### Work task
The answer is to be the lines below that lie between the line holding "- K879【未使用】 マルハチ印" and the line holding "Nástenné svietidlo, drevo", inclusive, transcribed exactly and free of pictures.

### Materials provided
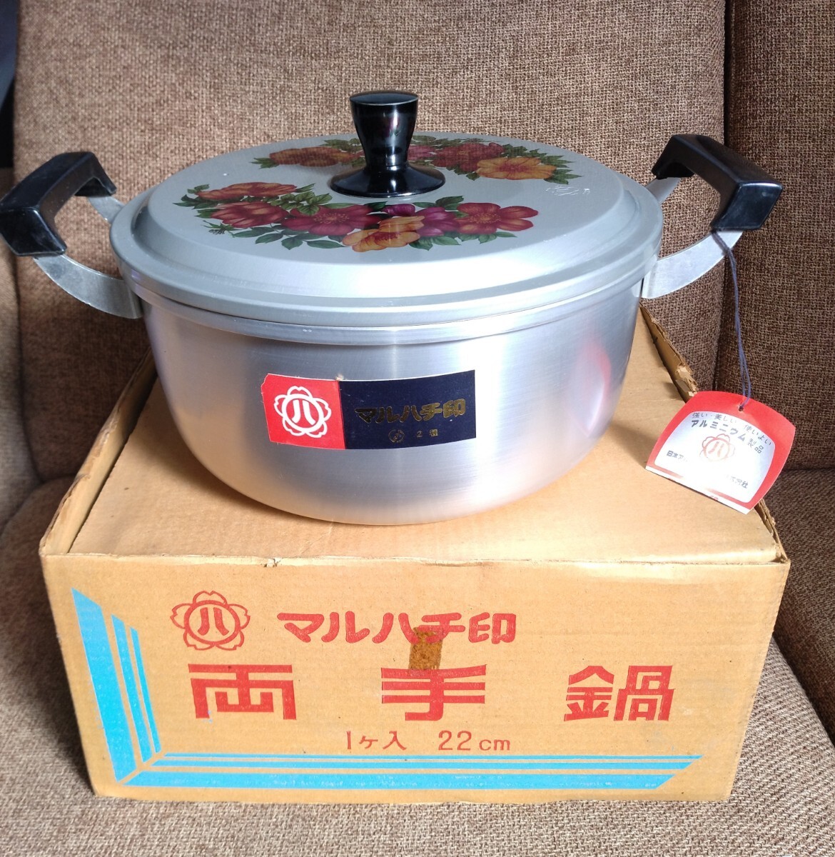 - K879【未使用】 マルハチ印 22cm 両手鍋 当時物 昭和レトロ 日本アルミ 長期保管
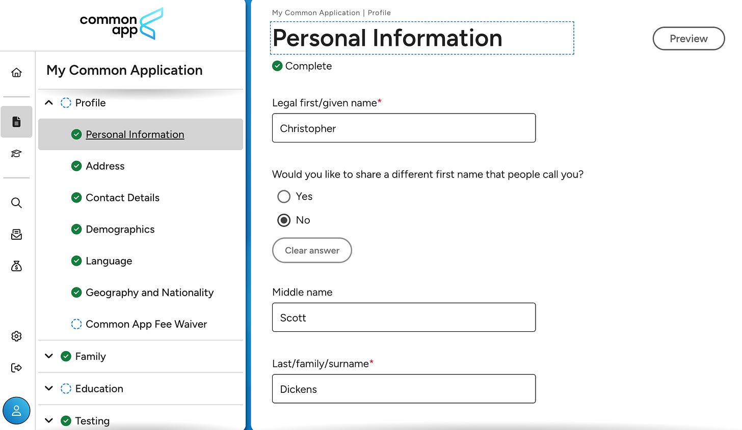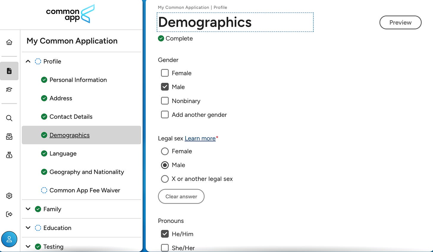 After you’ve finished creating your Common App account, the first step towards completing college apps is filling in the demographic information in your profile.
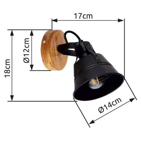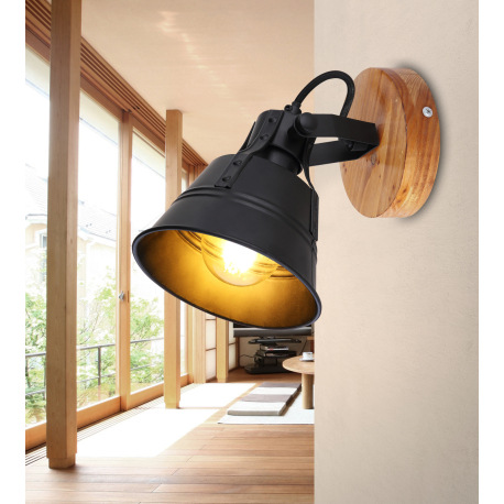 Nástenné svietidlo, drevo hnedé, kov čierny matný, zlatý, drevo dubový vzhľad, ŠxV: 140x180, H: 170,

...

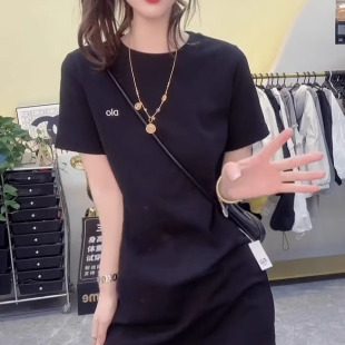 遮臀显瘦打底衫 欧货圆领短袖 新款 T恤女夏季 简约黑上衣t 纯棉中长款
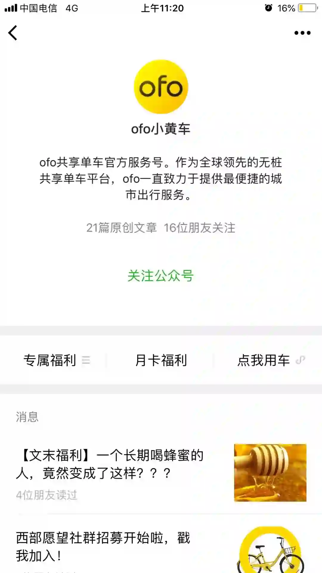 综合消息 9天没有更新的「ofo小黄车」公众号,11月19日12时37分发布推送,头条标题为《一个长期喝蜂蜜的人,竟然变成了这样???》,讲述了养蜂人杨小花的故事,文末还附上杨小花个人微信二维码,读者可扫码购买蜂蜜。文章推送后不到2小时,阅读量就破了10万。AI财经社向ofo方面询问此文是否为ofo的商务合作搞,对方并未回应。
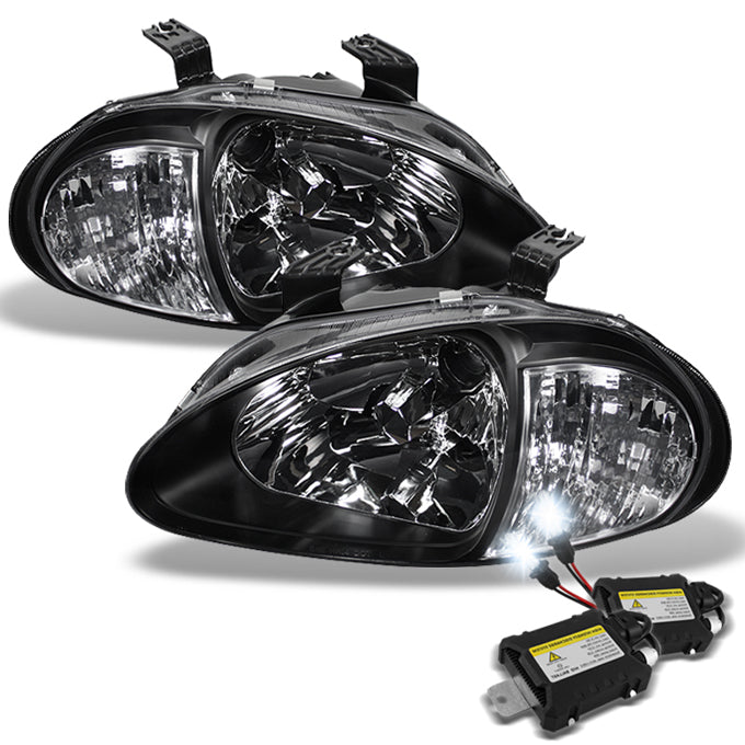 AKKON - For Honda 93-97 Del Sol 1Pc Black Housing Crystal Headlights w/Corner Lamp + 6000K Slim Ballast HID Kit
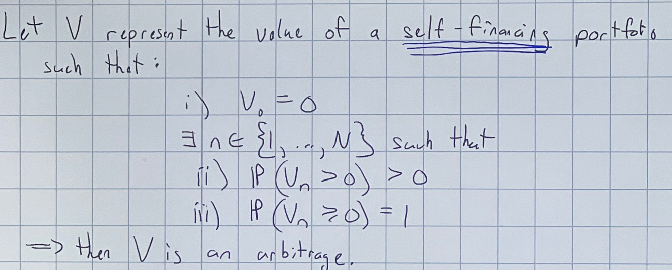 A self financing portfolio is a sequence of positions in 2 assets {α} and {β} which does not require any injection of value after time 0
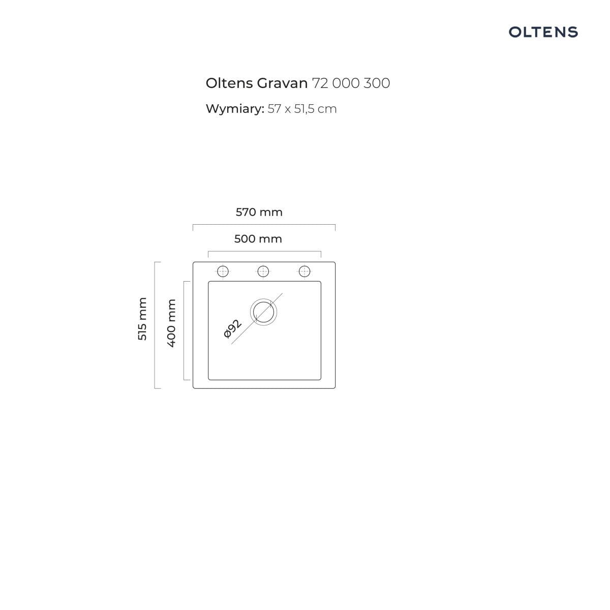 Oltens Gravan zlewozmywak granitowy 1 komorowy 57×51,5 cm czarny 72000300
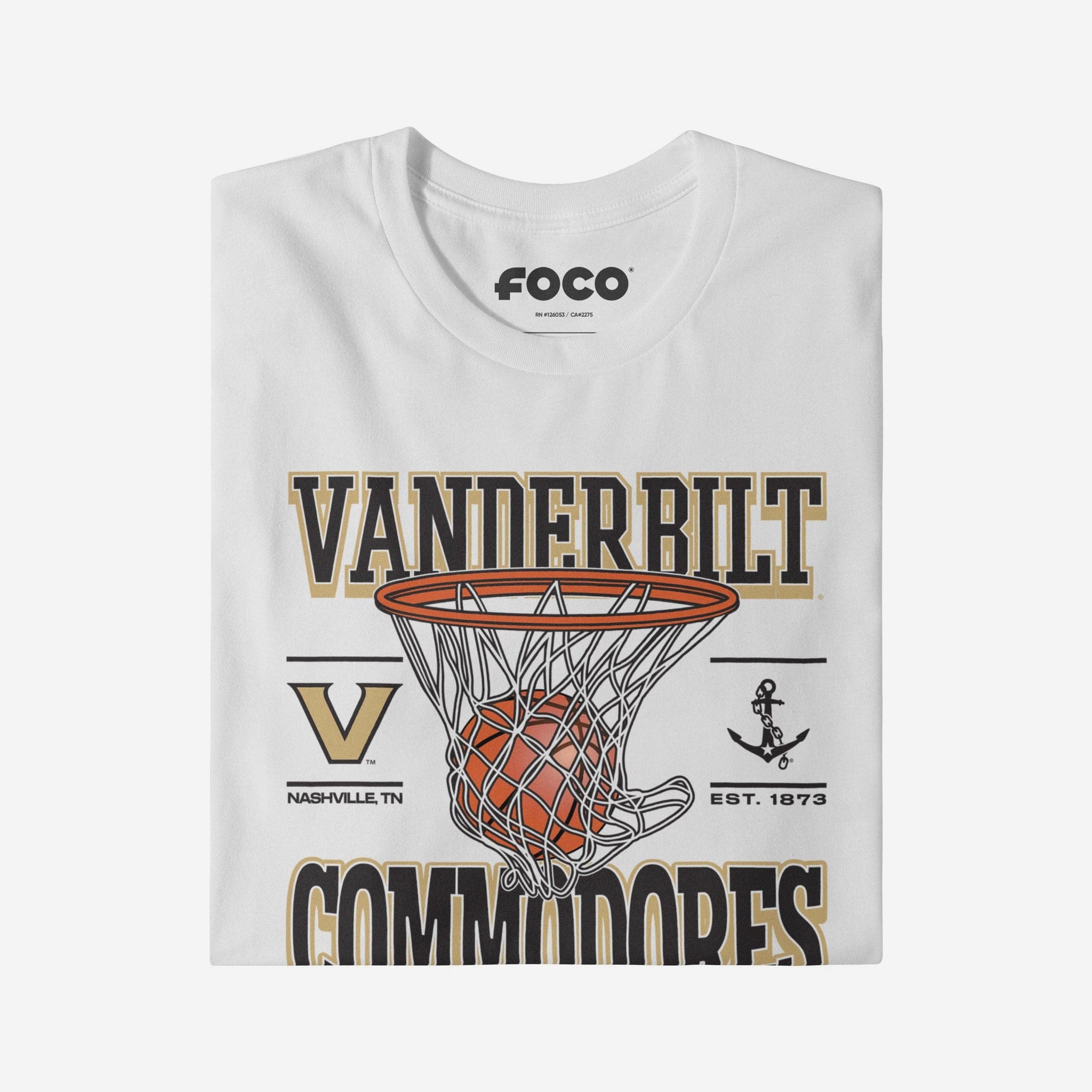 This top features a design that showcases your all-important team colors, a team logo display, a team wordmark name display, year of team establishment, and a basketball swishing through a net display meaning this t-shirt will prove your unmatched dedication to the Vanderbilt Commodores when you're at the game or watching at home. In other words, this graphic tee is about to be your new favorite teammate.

### Answer for this exercise
 - K879【未使用】 マルハチ印 22cm 両手鍋 当時物 昭和レトロ 日本アルミ 長期保管
 After you’ve finished creating your Common App account, the first step towards completing college apps is filling in the demographic information in your profile.
 Nástenné svietidlo, drevo hnedé, kov čierny matný, zlatý, drevo dubový vzhľad, ŠxV: 140x180, H: 170,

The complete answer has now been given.